Burgerhuis in eclectische stijl vermoedelijk opgetrokken omstreeks 1912. De rijwoning heeft een gevelbreedte van twee ongelijke traveeën, en telt een souterrain en drie bouwlagen onder een pseudo-mansarde (leien). Het pand, waarvan geen bouwdossier werd teruggevonden, is representatief voor het burgerhuis van het rijkere type, gebouwd vóór de Eerste Wereldoorlog, dat in dit gedeelte van de Nieuw-Parkwijk "Den Brandt" het straatbeeld bepaalt. Gelijkaardige voorbeelden zijn te vinden in de Eglantierlaan.

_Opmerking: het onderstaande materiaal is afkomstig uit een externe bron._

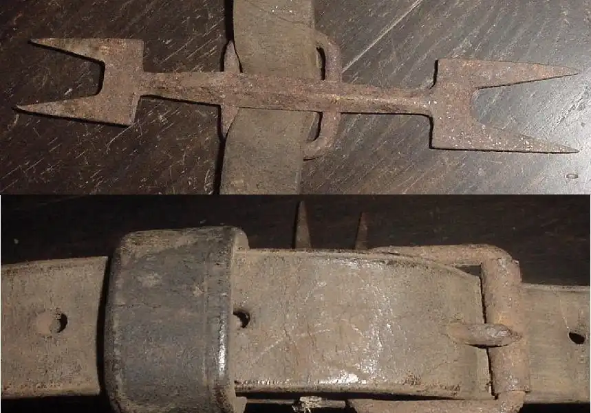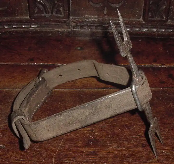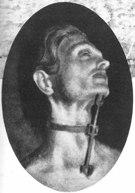 Это не столовый прибор, ежели что. Само устройство 16-17 веков, из коллекции замка Rodenegg, Австрия. Степень натяжения ремня регулирует усилие с которым вилочки упираются в подбородок и грудину. Клиент таким образом, по желанию пытающего, мог испытывать всю гамму чуйств - от легкого дискомфорта, до страшных мучений. В книге "La storia dell Inquisizione", Карла Хавоша, говорится о том, что мало кто из еретиков выдерживал более суток в таком положении, на максимально затянутом ремне. Причем палачу вообще не надо было напрягаться)))). Применение девайса на последней фоточке. Честь изобретения устройства приписывают Игнатию Лойоле.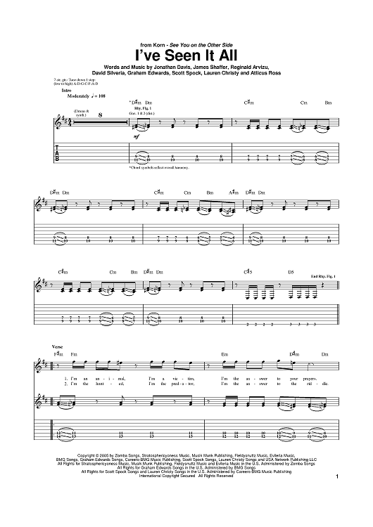 Digital Sheet Music for I've Seen It All by Jonathan Davis, Fieldy, Korn, Lauren Christy, David Silveria, Munky, Graham Edwards, Scott Spock, Atticus Ross scored for Guitar Tab; id:389421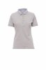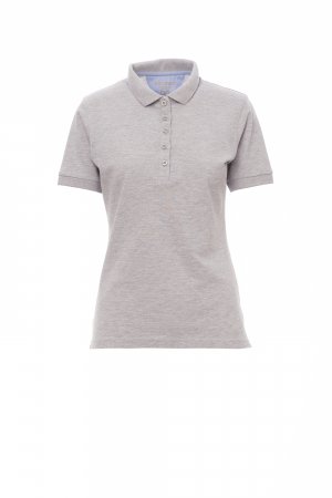 Women’s short-sleeved fitted polo shirt with 5, matching, mother-of-pearl effect buttons, rib collar and sleeve edging, light blue poplin inserts on the inside collar, side vents, label transfer, inner neck tape.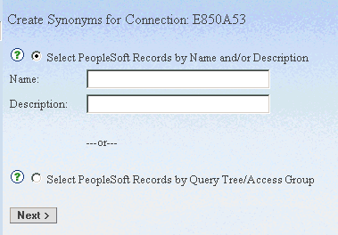 The adapter provides two methods to select PeopleSoft Records to create synonyms: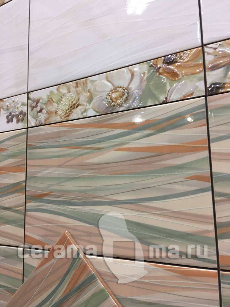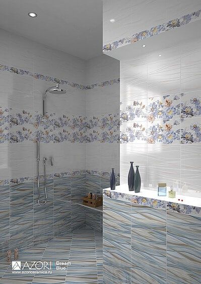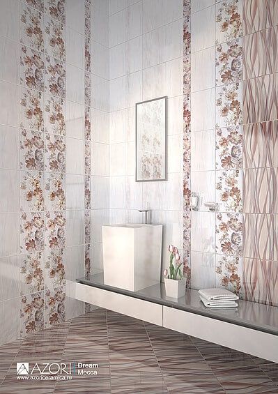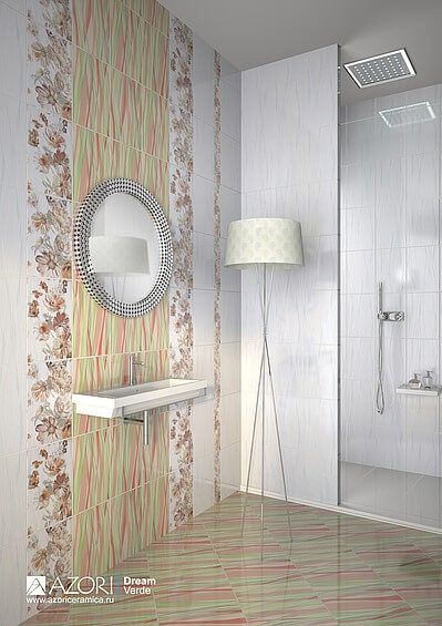 Dream / Дрим от Azori - коллекция керамической плитки для ванной комнаты, которая представленна в трёх оттенках: Verde (верде, зелёный), Mocca (Мокка, коричневый), Blue (Блю, синий, голубой). Коллекция Dream представляет новый формат плитки "AZORI" 20х30. Фактура плиты для стен динамична и похожа на находящие друг на друга волны, которые выполнены в разных цветовых оттенках: зеленом, оранжевом и бежевом. Сочетание этих оттенков придает коллекции свежесть и неповторимость. Не случайно коллекция с такой фактурой названа DREAM, что в переводе с английского означает МЕЧТА. Изюминка коллекции - панно Floret, состоящее из двух декоров, выполненное в цветочном стиле. Узор цветов на панно также повторяет движение волны, заданное нижней темной плитой для стен. Коллекция может выкладываться на стену как в горизонтальном положении, так и в вертикальном. Традиционный размер и оригинальный дизайн, сочетающий в себе современные тенденции керамической отрасли заставят посмотреть на дизайн ванной комнаты новым взглядом. Настенная плитка Dream имеет глянцевую поверхность.

Met een gevelbreedte van twee ongelijke traveeën telt de rijwoning een souterrain en drie bouwlagen onder een pseudo-mansarde (leien). De lijstgevel heeft een verzorgd parement uit geel baksteenmetselwerk in kruisverband, doorspekt en verwerkt met natuursteen, op een arduinen plint. Asymmetrische van opbouw legt de compositie de klemtoon op het brede zijrisaliet met balkon, dat boven de kroonlijst uitmondt in een tuitgevel met topstuk. De verder onversierde gevel toont een regelmatige indeling van rechthoekige vensters, met ontlastingsbogen, waterlijsten of onderdorpels. Het houten schrijnwerk van de deur, de vensters en de dakkapel is bewaard, evenals het ijzersmeedwerk.
De plattegrond beantwoordt aan de klassieke typologie van het burgerhuis, dat uit een voorbouw en een smalle achterbouw in entresol bestaat. Op de begane grond wordt de gebruikelijke suite van salon, eetkamer en veranda, geflankeerd door de vestibule, het trappenhuis en de keuken.